################################################## ################################################
# The following config file will allow you to customize settings within
# the Social Engineer Toolkit. The lines that do not have comment code
# ("#") are the fields you want to toy with. They are pretty easy to
# understand.
#
# The Metasploit path is the default path for where Metasploit is located.
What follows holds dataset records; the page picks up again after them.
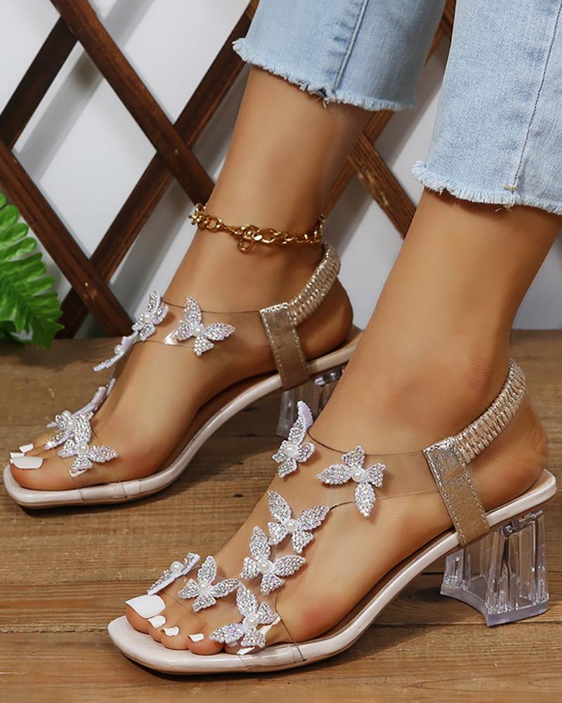 Clear Strap Rhinestone Butterfly Pattern Chunky Heels, Gold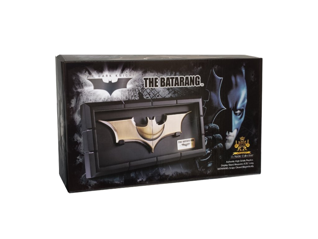 Vrhací zbraň Batarang je vyrobena ze zlatého hliníku a měří cca 23 cm na délku. Toto je replika, nikoli zbraň.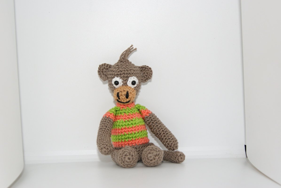 Hierbei handelt es sich um die Anleitung zum häkeln des Äffchens. Bildererklärungen so wie auch Erklärungen der einzelnen Schritte sind mit enthalten.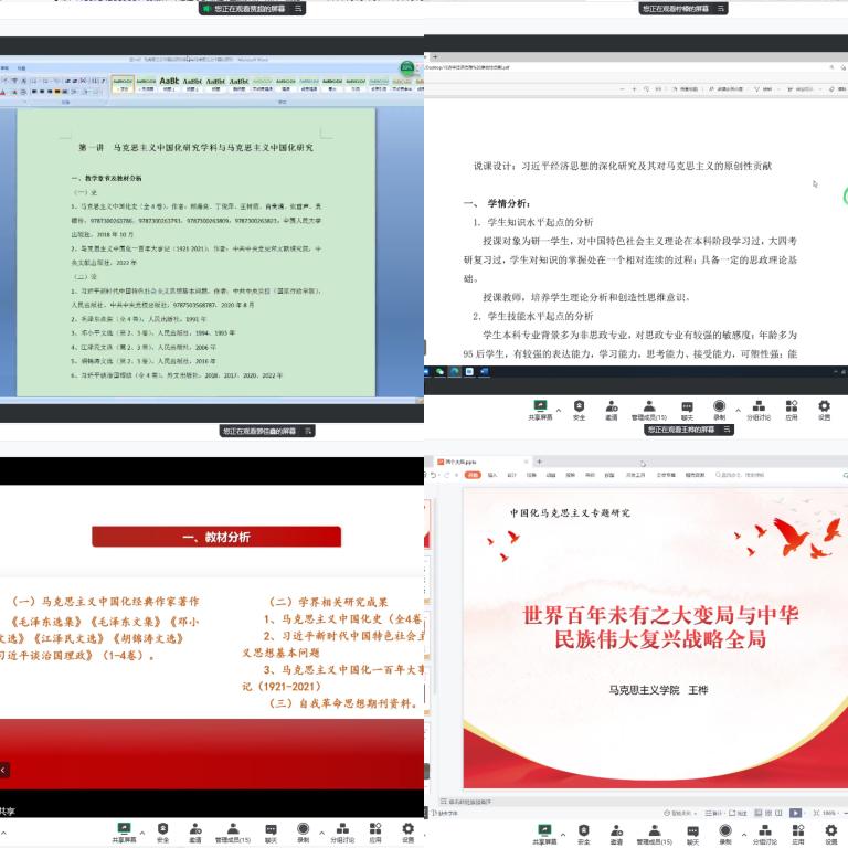 为保证学院教学工作规范有序开展,进一步提升新课教师的教学质量,8月27日-9月16日,肉漫屋 举办两场新学期“上新课”说课活动。本科“习近平新时代中国特色社会主义思想概论”课程和研究生“中国化马克思主义专题研究”课程新上课教师全部进行说课展示,学院班子成员、教学委员会成员、督导委员会成员参加,研究生公共政治课程小组旁听。

# Metasploit is required for SET to function properly.
#
# The ETTERCAP function specifies if you want to use ARP Cache poisoning in
# conjunction with the web attacks, note that ARP Cache poisoning is only
# for internal subnets only and does not work against people on the internet.
#
# The SENDMAIL option allows you to spoof source IP addresses utilizing an
# application called SendMail. Sendmail is installed by default on BackTrack 4
# and can be used to spoof email addresses when performing the mass email
# attacks.
#
# Note that ETTERCAP and SENDMAIL flags only accept ON or OFF switches.
#
# Note that the Metasploit_PATH cannot have a / after the folder name.
#
# There are additional options, read the comments for additional descriptions.
#
################################################## ##############################################
#
# DEFINE THE PATH TO METASPLOIT HERE, FOR EXAMPLE /pentest/exploits/framework3
METASPLOIT_PATH=/pentest/exploits/framework3
#
# DEFINE TO USE ETTERCAP OR NOT WHEN USING WEBSITE ATTACK ONLY SET TO ON AND OFF
ETTERCAP=OFF
#
# SPECIFY WHAT INTERFACE YOU WANT ETTERCAP TO LISTEN ON, IF NOTHING WILL DEFAULT
# EXAMPLE: ETTERCAP_INTERFACE=wlan0
ETTERCAP_INTERFACE=eth0
#
# ETTERCAP HOME DIRECTORY (NEEDED FOR DNS_SPOOF)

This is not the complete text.